BEIJING (Reuters) - China’s central bank said on Wednesday variable policy settings around cross-border yuan account financing are aimed at helping curb “herd” effects in markets and improving the country’s financial supervision.
The central bank was responding to Reuters’ queries about how the People’s Bank of China set limits around banks’ cross-border yuan account financing.
Earlier this month, the PBOC said in a short statement on its Weibo microblog account that the upper limit on Chinese commercial banks’ cross-border financing is determined by their outstanding deposits and a counter-cyclical factor, which was 3 percent currently.
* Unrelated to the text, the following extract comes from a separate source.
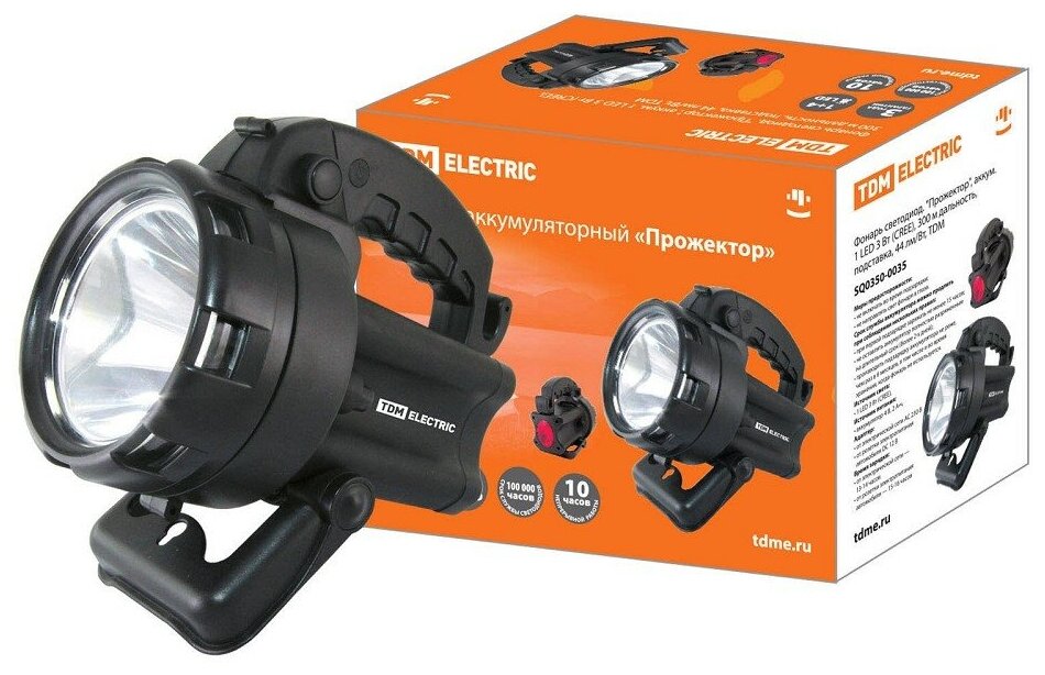 Технические характеристики TDM CREE Прожектор, аккум. 1 LED 3 Вт, 300 м дальность, 44 лм/Вт SQ0350-0035

Under central bank rules issued in 2009, Chinese commercial banks are allowed to provide yuan account financing for selected overseas banks, with upper limits on it set at 1 percent of their outstanding deposits.
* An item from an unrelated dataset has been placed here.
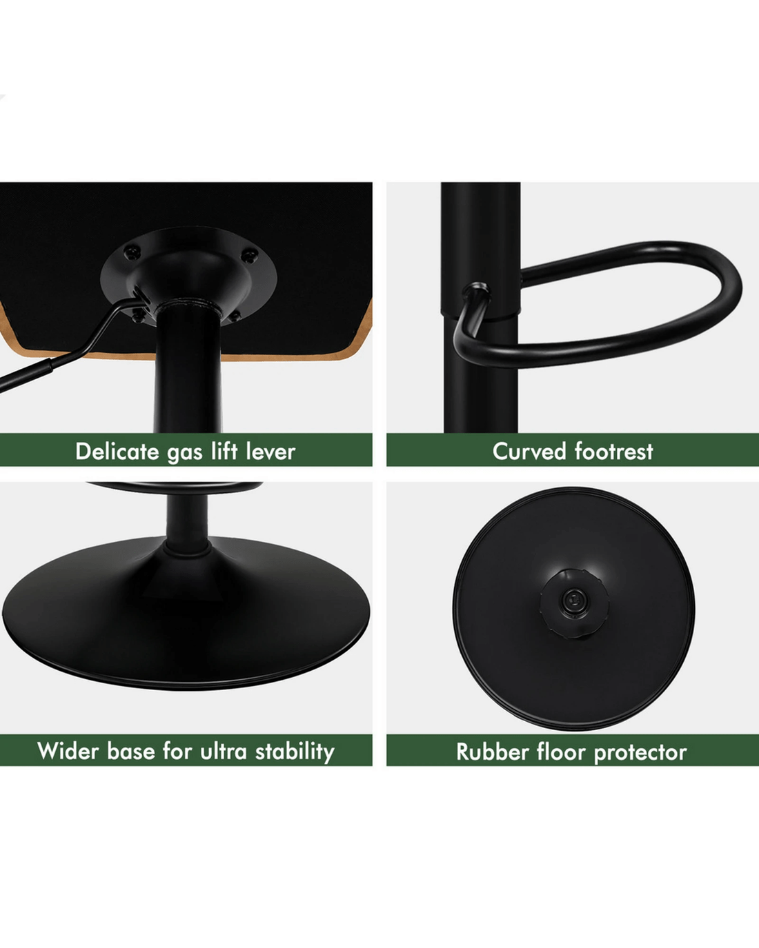 As always, we have no compromise on materials Use - ameter of the trumpet base is increased, resulting in larger supporting area, so the seat becomes more secure and stable with long-lasting durability. Better still, the black powder coated chrome base and footrest complement the stool's modern design. A rubber floor protector ring, embedded in the case, reduces noise and protects your floor by sliding smoothly when you need to move the stool.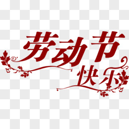 红色劳动节快乐字体花纹

That implied a counter-cyclical coefficient of 1 percent, the central bank said, adding that this was raised to 3 percent in July 2013 in line with China’s economic and financial conditions, and that has been in place since then.
The counter-cyclical management of cross-border yuan financing will help curb “volatile market sentiments and large-scale ‘herd’ effects caused significant fluctuations in cross-border capital flows”, the PBOC said in the statement.
This practice is in line with macro-prudential policies recommenced by the Financial Stability Board (FSB) and the International Monetary Fund (IMF), the central bank said.
The adjustment aims to “further facilitate cross-border trade and investment, support the healthy development of cross-border renminbi (yuan) business and improve cross-border financing of commercial banks”, the central bank said.
A slide in the yuan CNY=CFXS and China's foreign exchange reserves in 2016 prompted regulators to restrict capital outflows, including a clampdown on "irrational" outbound investments.
There are some signs of a revival in the international use of the yuan after several years in the doldrums, but China policy sources said they don’t expect any significant relaxation of capital controls, even as the yuan rebounds.